# Deep Learning with PyTorch Workshop  

build an image classification model using PyTorch and transfer learning
  
* [Deep Learning with PyTorch: Build, Train and Deploy an Image Classifier | Step-by-Step Tutorial](https://www.youtube.com/watch?v=Ne25VujHRLA) how to build an image classification model in PyTorch youtube video.
  
* [instructor's Notebook | Google Colab](https://colab.research.google.com/drive/1nCA4Q0f8DVFiLpfXdXvZtYUh-yYDy5i_?usp=sharing)

* [workshop notes](https://github.com/DataTalksClub/machine-learning-zoomcamp/tree/master/08-deep-learning/pytorch)  


Tools:

    PyTorch
    torchvision
    PIL (Pillow)
    NumPy

PyTorch is a popular open-source deep learning framework developed by Facebook's AI Research lab.
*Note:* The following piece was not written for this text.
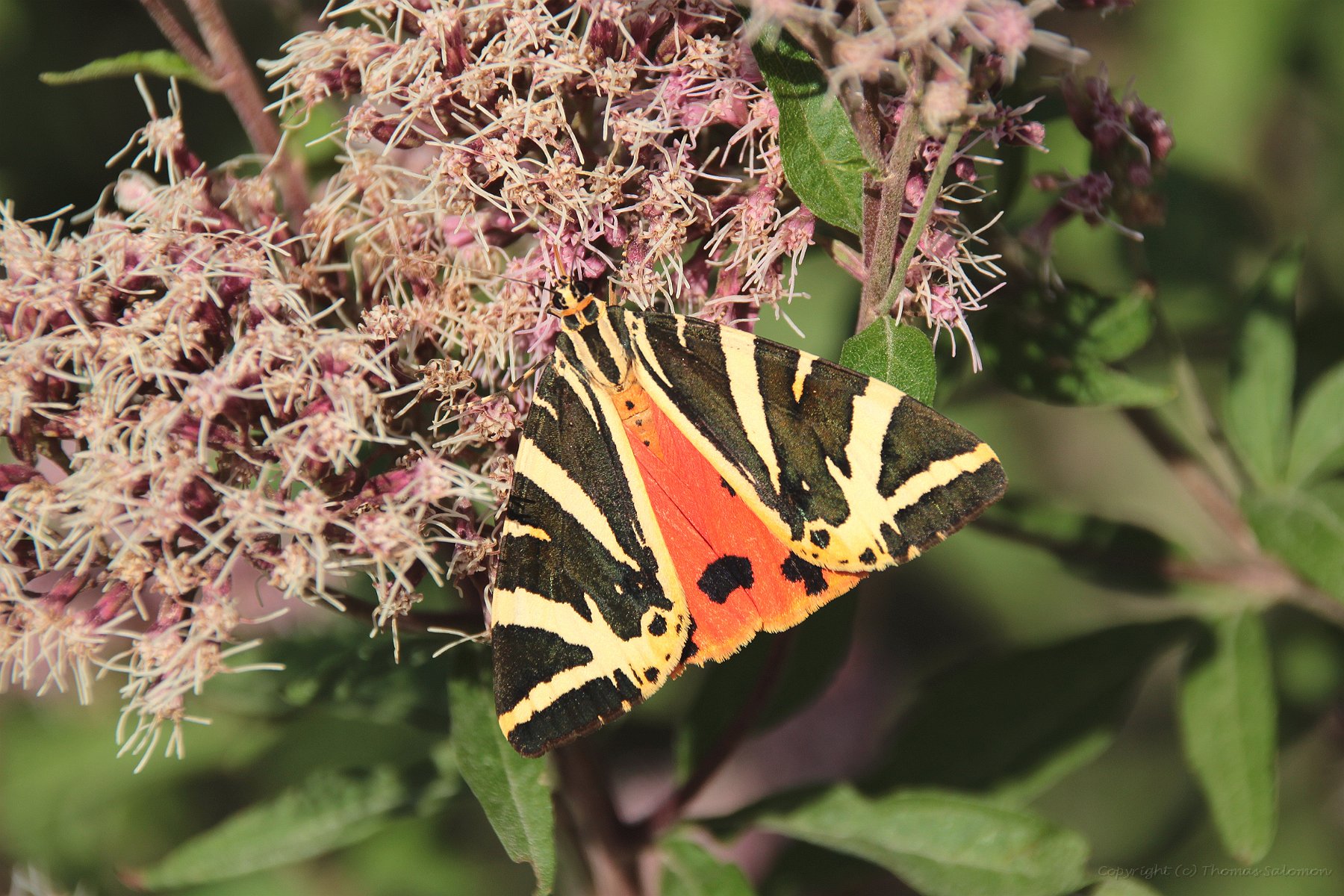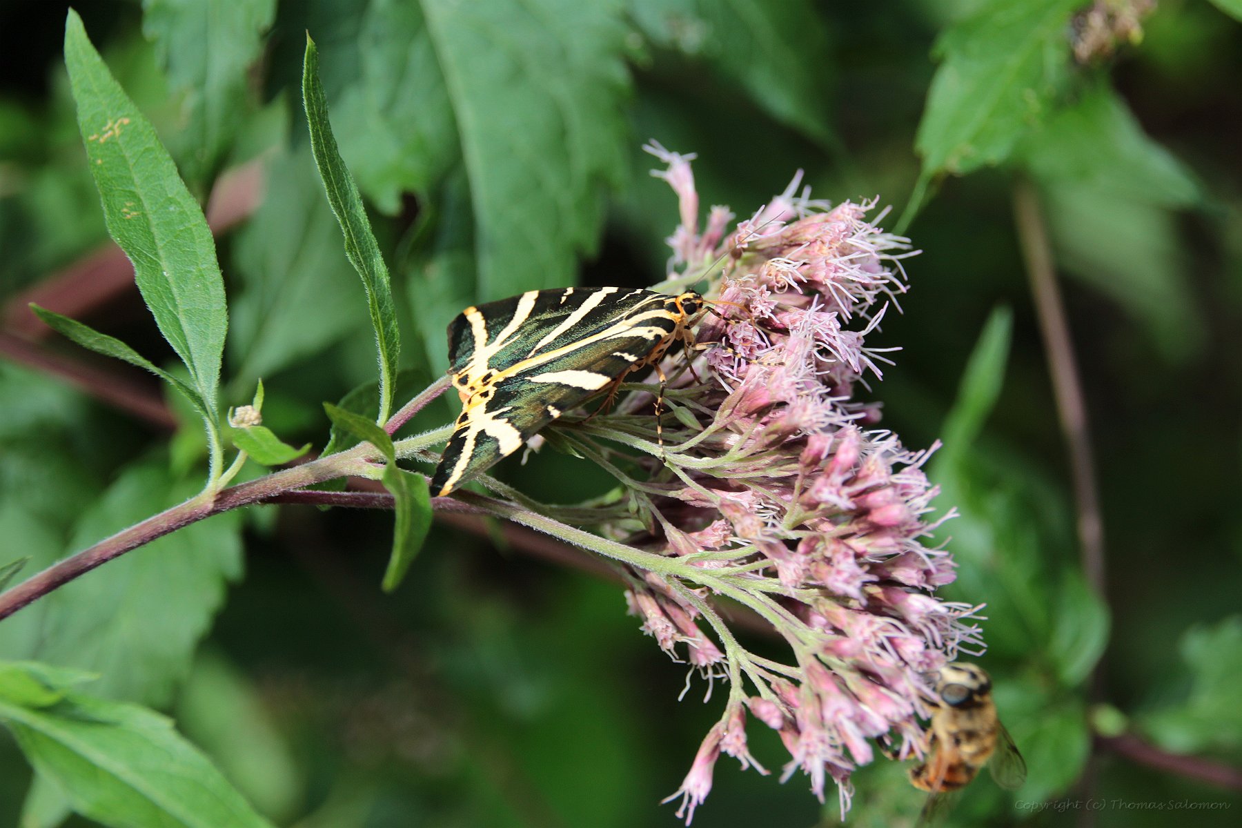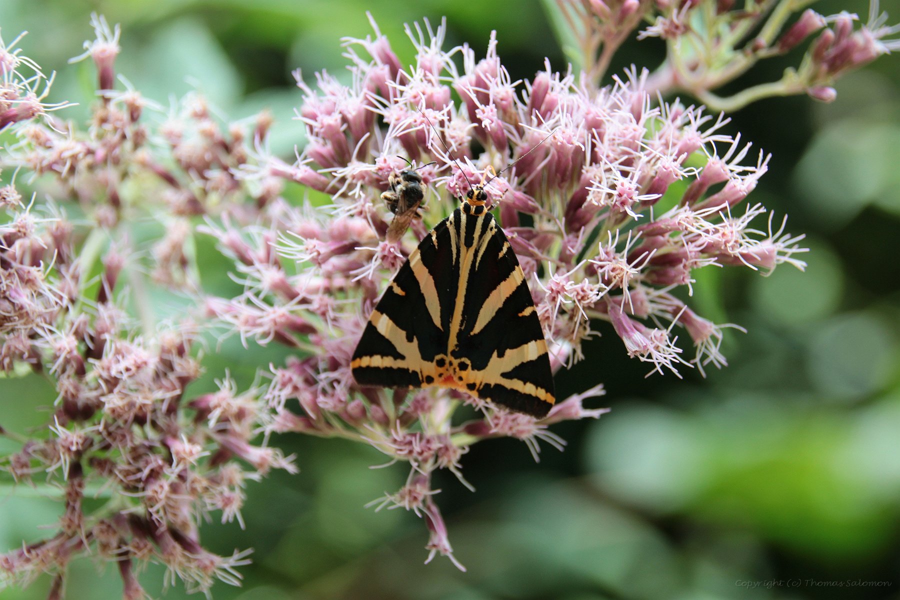 Russischer Bär (Euplagia quadripunctaria) an Dost (Sermerio am Gardasee, Italien) |
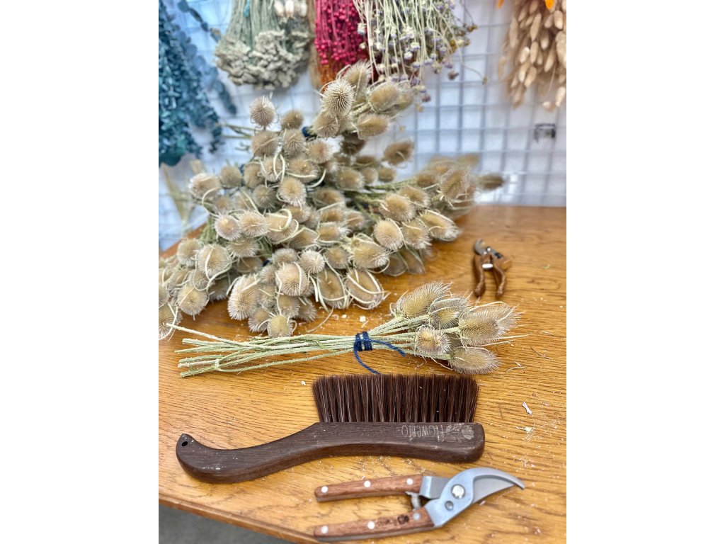 Štětka planá (Dipsacus fullonum) je tradiční luční rostlina, která rostla hojně po celé Evropě. Naše bodláky pocházejí přímo z našich luk, kde jsme je ručně sbírali, sušili a vázali s důrazem na kvalitu. Díky šetrnému zpracování si zachovaly svou autentickou přírodní barvu a typickou tvrdou strukturu.

It provides:
- Dynamic computation graphs (define-by-run)
- Pythonic API
- Strong GPU acceleration
- Rich ecosystem of tools and libraries

Key Differences from TensorFlow/Keras:

| TensorFlow/Keras | PyTorch |
|------------------|---------|
| `model.fit()` | Manual training loop |
| `ImageDataGenerator` | `Dataset` + `DataLoader` + `transforms` |
| `keras.layers.Dense()` | `nn.Linear()` |
| `keras.Model` | `nn.Module` |
| `.h5` or `.keras` files | `.pth` or `.pt` files |


| Concept | TensorFlow/Keras | PyTorch |
|---------|------------------|---------|
| Framework | High-level API (Keras) on TensorFlow | Low-level, explicit control |
| Data Loading | `ImageDataGenerator` | `Dataset` + `DataLoader` |
| Transforms | `preprocessing_function` | `transforms.Compose()` |
| Model | Functional API or Sequential | `nn.Module` class |
| Layers | `keras.layers.Dense()` | `nn.Linear()` |
| Training | `model.fit()` | Manual training loop |
| Loss | `CategoricalCrossentropy` | `CrossEntropyLoss` |
| Optimizer | `keras.optimizers.Adam` | `optim.Adam` |
| Saving | `.h5` or `.keras` | `.pth` or `.pt` |
| Checkpointing | `ModelCheckpoint` callback | Manual in training loop |
| Device | Automatic | Explicit `.to(device)` |


In [None]:
!git clone https://github.com/alexeygrigorev/clothing-dataset-small.git

In [None]:
import torch
from PIL import Image
import numpy as np

In [None]:

# Loading and Preprocessing Images
#-- Images are represented as 3D arrays:
# - Height × Width × Channels
# - Channels: RGB (Red, Green, Blue)
# - Each channel: 8 bits (0-255 values)
img = Image.open('clothing-dataset-small/train/pants/0098b991-e36e-4ef1-b5ee-4154b21e2a92.jpg')
# Resize to target size
img.resize((256, 256))

In [None]:
# Convert to numpy array
x = np.array(img)
print(x.shape)  # (224, 224, 3)

### Using pre-trained model

use pre-trained models:  
- Already learned to recognize edges, textures, shapes
- Saves training time
- Works well even with small datasets
- Better performance than training from scratc

We'll use MobileNetV2 (in the original tutorial we used Xception):



In [None]:
import torch
import torchvision.models as models
from torchvision import transforms

In [None]:
# Load pre-trained model
model = models.mobilenet_v2(weights='IMAGENET1K_V1')
model.eval() # evaluation mode for making predictions (as opposed to `model.training()`)

In [None]:
preprocess = transforms.Compose([
    transforms.Resize(256),
    transforms.CenterCrop(224),
    transforms.ToTensor(),
    transforms.Normalize(mean=[0.485, 0.456, 0.406], std=[0.229, 0.224, 0.225]),
])

In [None]:
img_t = preprocess(img)
# batch of size 1
batch_t = torch.unsqueeze(img_t, 0)

In [None]:
# Make prediction (batch size x class)
with torch.no_grad(): # turn off training calculation to reduce memory consumption for predictions
    output = model(batch_t)

In [None]:
# Get top predictions
_, indices = torch.sort(output, descending=True)

In [None]:
# get the name of the classes
!wget https://raw.githubusercontent.com/pytorch/hub/master/imagenet_classes.txt -O imagenet_classes.txt

In [None]:
# Load ImageNet class names
with open("imagenet_classes.txt", "r") as f:
    categories = [s.strip() for s in f.readlines()]

# Get top 5 predictions
top5_indices = indices[0, :5].tolist()
top5_classes = [categories[i] for i in top5_indices]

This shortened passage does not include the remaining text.